Posted on:2009-01-02Degree:Ph.DType:Dissertation
University:The George Washington UniversityCandidate:Beissel Heath, Michelle PatriciaFull Text:PDF
GTID:1446390005452431Subject:History
Abstract/Summary:
This dissertation explores the Victorian discourse of play and playfulness, showing that play not only reflects Victorian beliefs, values, attitudes, and responses, but helped shape and direct them. Situating its analysis within various strains of literary and cultural criticism, the study traces responses to the then-burgeoning arena of sport and games though both literary and historical texts (novels, children's literature, periodicals, sports newspapers, and games and conduct manuals). It shows that neither novel nor manual lived in a world devoid of the other, and that what surfaces in a novel is frequently taken from the discourse of games or shapes a later discussion of a game in a manual. The study examines ways in which play intersected with nearly every aspect of Victorian life, but focuses in particular on the ways in which sports and games affected the home and domestic life, and helped to shape Victorian and later Edwardian familial, domestic, and imperial identities. It argues against ideas put forth by those like James Kincaid, who suggests that controls and order do not exist in play. Issues of order and control, consequence and connection, this study suggests, do arise persistently at sites of play, as do issues of race, class, gender, and age.
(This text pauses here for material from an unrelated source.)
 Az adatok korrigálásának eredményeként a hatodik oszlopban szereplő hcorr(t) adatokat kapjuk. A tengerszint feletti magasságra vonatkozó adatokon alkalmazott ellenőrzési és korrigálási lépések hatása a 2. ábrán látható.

Ultimately, this study considers ways in which sports and games are used to explore the possibility of social or individual freedom, are used as social equalizers between races, classes, genders, and ages, but are at the same time considered with much anxiety, are the sites of cultural tension and discomfort about those very freedoms and equalities. This is evident in nineteenth and early twentieth century children's texts and texts about childhood through the incompatibility of domesticity and play, and it is evident in adult texts of the same period by those texts' continual striving to correct balances, whether those balances be between playfulness and seriousness, or between identity markers such as race, class, and gender.